There’s only been 22 against Mexico. (By comparison, companies from both Mexico and Canada have filed a total of 20 complaints against the U.S.)
And increasingly, Canada is the target of complaints. Since 2005, Canada has been hit with 70% of the NAFTA dispute claims, according to CCPA, a Canadian research firm.
2. The U.S. – Canada lumber battle
NAFTA isn’t the only sore area. In 2002, the U.S. slapped a roughly 30% tariff on Canadian lumber, alleging that Canada was “dumping” its wood on the U.S. market. Canada rejected the claim and argued the tariff cost its lumber companies 30,000 jobs.
“It was a very sour point in Canadian – American relations for quite a while,” says Tom Velk, an economics professor at McGill University in Montreal.
The dispute had its origins in the 1980s, when American lumber companies said their Canadian counterparts weren’t playing fair.
Whether Canada is actually breaking the rules is a matter of dispute.
Canadian officials deny that the government is subsidizing softwood lumber companies in Canada. American lumber companies still allege that it does, and a U.S. Commerce Department report found that Canada was providing subsidies to lumber companies in 2004. It didn’t say whether the subsidies were ongoing.
According to the allegations, Canada subsidized lumber companies because the government owns many of the lands where the wood comes from.

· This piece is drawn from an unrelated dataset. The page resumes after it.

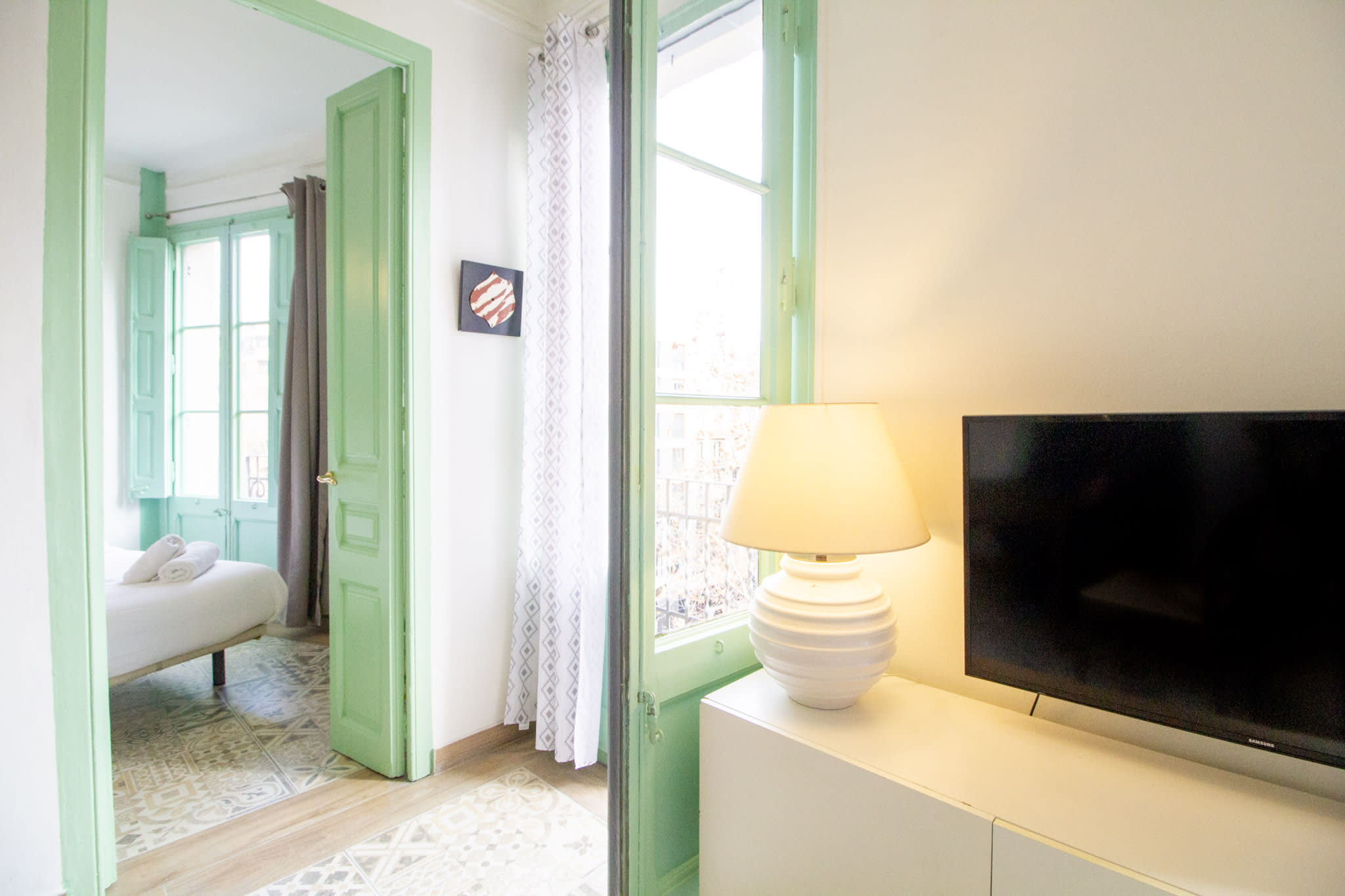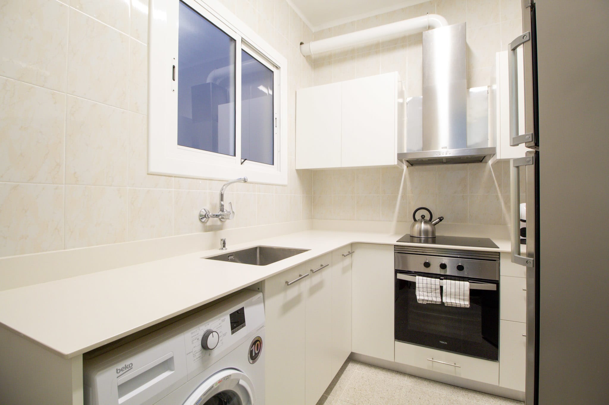 À l'intérieur, vous trouverez une cuisine entièrement équipée avec un four, un micro-ondes, un lave-vaisselle, un grille-pain et un réfrigérateur, parfaits pour préparer vos repas. L'appartement dispose également d'un sèche-linge, d'une machine à laver, d'une bouilloire électrique, d'un sèche-cheveux, d'un fer à repasser et de chauffage, garantissant un séjour confortable en toutes saisons. L'appartement est équipé de la climatisation ainsi que du Wi-Fi gratuit dans tout l'espace. Que vous soyez à Barcelone pour affaires ou pour le plaisir, cet appartement bien équipé est la base idéale pour votre séjour.

That subsidy — on top of Canada’s huge lumber supply — allowed Canada to price its lumber below what U.S. companies can charge.
The WTO ultimately denied America’s claim and the two sides came to an agreement in 2006 to end the tariff so long as prices stayed within a certain bracket.

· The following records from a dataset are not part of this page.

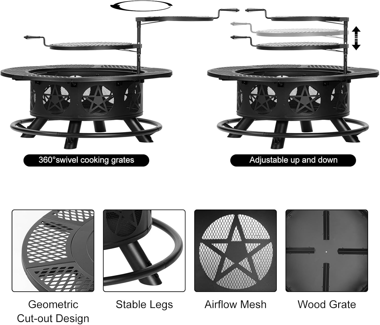 [Beautiful & Humanized Design]OutVue fire pit table comes with 2 height-adjustable and 360° swivel grills which disassemble freely. You can barbecue, keep food warm or put pan to cook on them. The side of wood-burning fire pit is created with classic stars cut-out design which catches firelight for creating fun shadows. The drilled design promotes airflow and keeps the fire strong. All sophisticated designs of the fire pits for outside are dedicated to the warmth and comfort for you.
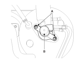 Remove the master cylinder (B) from the brake booster after loosening the mounting nuts (A).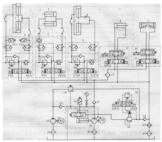 1-頂鐓央緊液壓缸;2-收緊液壓缸;3-彎管模液壓缸;4一頂鐓液壓缸; 5-齒輪齒條式彎曲液壓缸;6、7、8缸1、2、3的液壓閥油路;9、10電赦伺服閥; 11、12三位四通電液換向閥;13、25、26、27過濾器;14-遠(yuǎn)控順序閥; 15、17、23-單向閥;16-壓力繼電器;18-遠(yuǎn)程調(diào)壓溢流閥;19-定量液壓泵;

3. Smoot-Hawley triggers U.S. – Canada trade war
Things got even worse during the Great Depression. In 1930, Congress wanted to protect U.S. jobs from global trade. So the U.S. slapped tariffs on all countries that shipped goods to America in an effort to shield workers.
It was called the Smoot-Hawley Act. Today, it is widely accepted that this law made the Great Depression worse than it was.
Canada was furious, and retaliated more than any other country against the U.S., sparking a trade war.
“Canada was so incensed that…they raised their own tariff on certain products to match the new U.S. tariff,” according to Doug Irwin, a Dartmouth Professor and author of “Peddling Protectionism: Smoot-Hawley and the Great Depression.”
For example, the U.S. increased a tariff on eggs from 8 cents to 10 cents (these are 1930s prices, after all). Canada retaliated by also increasing its tariff from 3 cents to 10 cents — a threefold increase.
Exports dwindled sharply: in 1929, the U.S. exported nearly 920,000 eggs to Canada. Three years later, it only shipped about 14,000 eggs, according to Irwin.